From My Window
Watch Melissa Simpson in “From My Window.” She climbs a 13,000-foot peak She “climbs” it in a wheelchair because she was born with cerebral palsy. Her wheelchair – it’s a nifty one that lets her pump with her arms across terrain not laid out for wheelchair traffic.
What’s especially nifty about Melissa’s conveyance is the group of people who take turns pushing and pulling and otherwise assisting her. This team includes blind people and other variously challenged souls. No, we’re not talking rock and cliff climbers. The trail up through 13,000 feet is modest by typical mountain climbing standards.
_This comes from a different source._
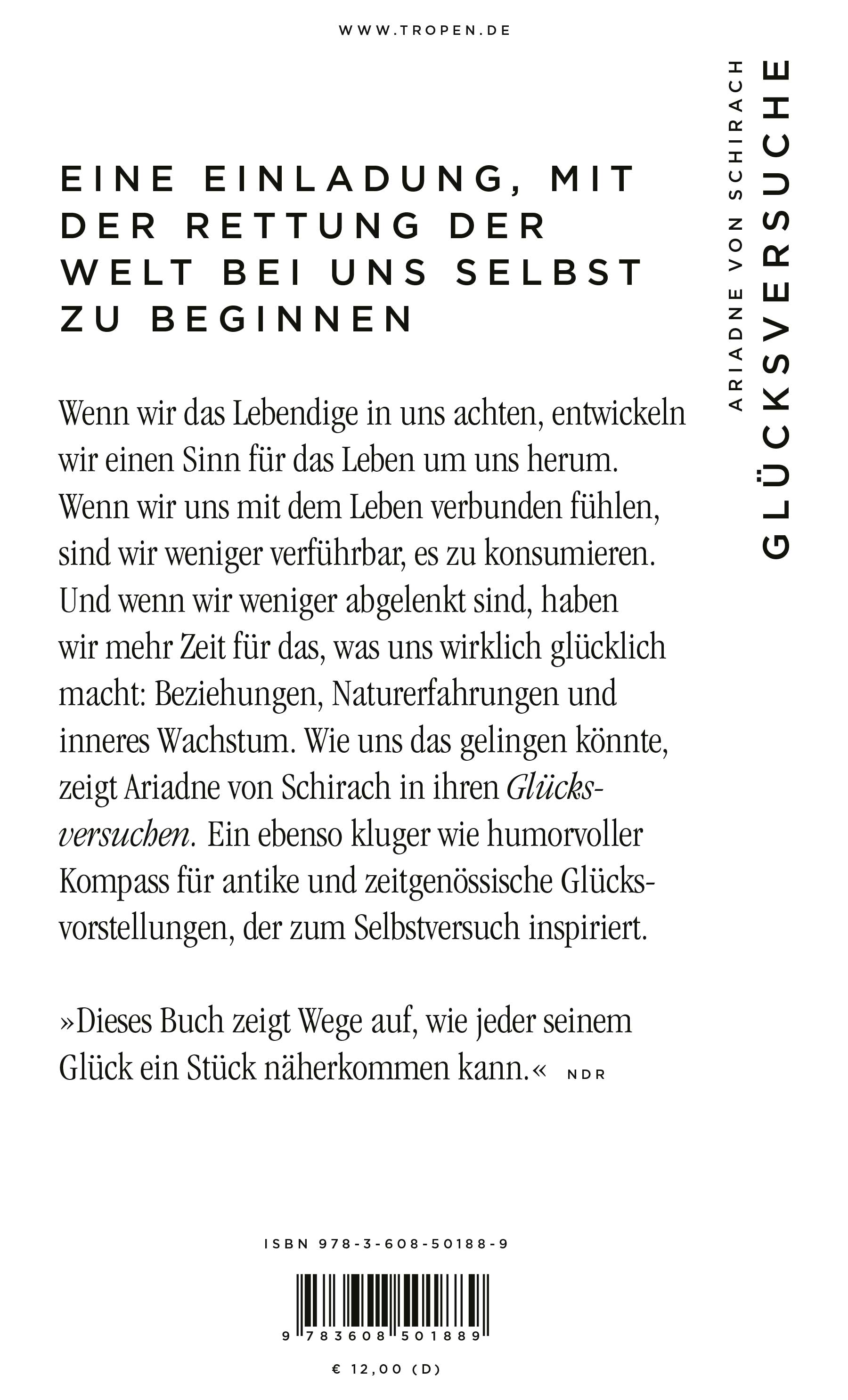 Wenn wir das Lebendige in uns achten, entwickeln wir einen Sinn für das Leben um uns herum. Wenn wir uns mit dem Leben verbunden fühlen, sind wir weniger verführbar, es zu konsumieren. Und wenn wir weniger abgelenkt sind, haben wir mehr Zeit für das, was uns wirklich glücklich macht: Beziehungen, Naturerfahrungen und inneres Wachstum. Wie uns das gelingen könnte, zeigt Ariadne von Schirach in ihren Glücksversuchen. Ein ebenso kluger wie humorvoller Kompass für antike und zeitgenössische Glücksvorstellungen, der zum Selbstversuch inspiriert.

During a talk with Melissa, she explains that she “was like 20 years looking out my window at the mountains and doing nothing but college and home stuff.” She goes on to say that this first of what now has been many climbs “made me feel free of my disabilities” … her “entrapment went away.”
In less than 20 film minutes, you get to appreciate Melissa enroute and being interviewed. What you’ll probably appreciate most is that this “special” person demonstrates her “normal” person accomplishment. Of the thousands of people who conquer high mountain peaks, see Melissa Simpson put her personal stamp on individual experience.
It’s probably not a stretch to see that “From My Window” shows that everybody is “handicapped” in some way, and isn’t it a better world where there’s other people around to help us navigate? Melissa says that she’s become more than a mountain climber. She’s an activist.